Fairways Automotive Holdings Ltd

In the context of its loan restructuring activities, the Group acquired 45.0% interest in the share capital of Fairways Automotive Holdings Ltd. Fairways Automotive Holdings Ltd is the parent company of Fairways Ltd operating in the import and trading of motor vehicles and spare parts. The Group considers that it exercises significant influence over the company. The investment is considered to be fully impaired and its value is restricted to zero.

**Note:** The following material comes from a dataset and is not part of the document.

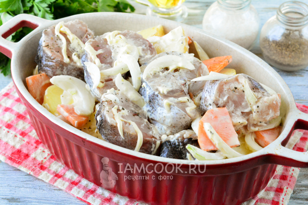 Запекайте минтая с картошкой в духовке с майонезом примерно 35 минут при температуре 180°С, чтобы и картофель стал мягким, и рыбка подрумянилась. Первые 20 минут можете прикрыть форму фольгой, а затем снять ее, чтобы получить румяную корочку. Готовое блюдо подавайте к столу.

Investment in joint venture

Tsiros (Agios Tychon) Ltd

The Group holds a 50.0% shareholding in Tsiros (Agios Tychon) Ltd. The shareholder agreement with the other shareholder of Tsiros (Agios Tychon) Ltd stipulates a number of matters which require consent by both shareholders, therefore the Group considers that it jointly controls the company. The carrying value of Tsiros (Ayios Tychon) Ltd is restricted to zero.

The percentage holdings are in ordinary shares or membership interests.

37. Events after the reporting period

Renewal of collective agreement

In July 2021, BOC PCL reached agreement with the Cyprus Union of Bank employees for the renewal of the collective agreement for the years of 2021 and 2022. The agreement relates to certain changes including the introduction of a new pay grading structure linked to the value of each position of employment, and of a performance related pay component as part of the annual salary increase, both of which have been long‑standing objectives of BOC PCL and are in line with market best‑practice.

There were no other material events after the balance sheet date.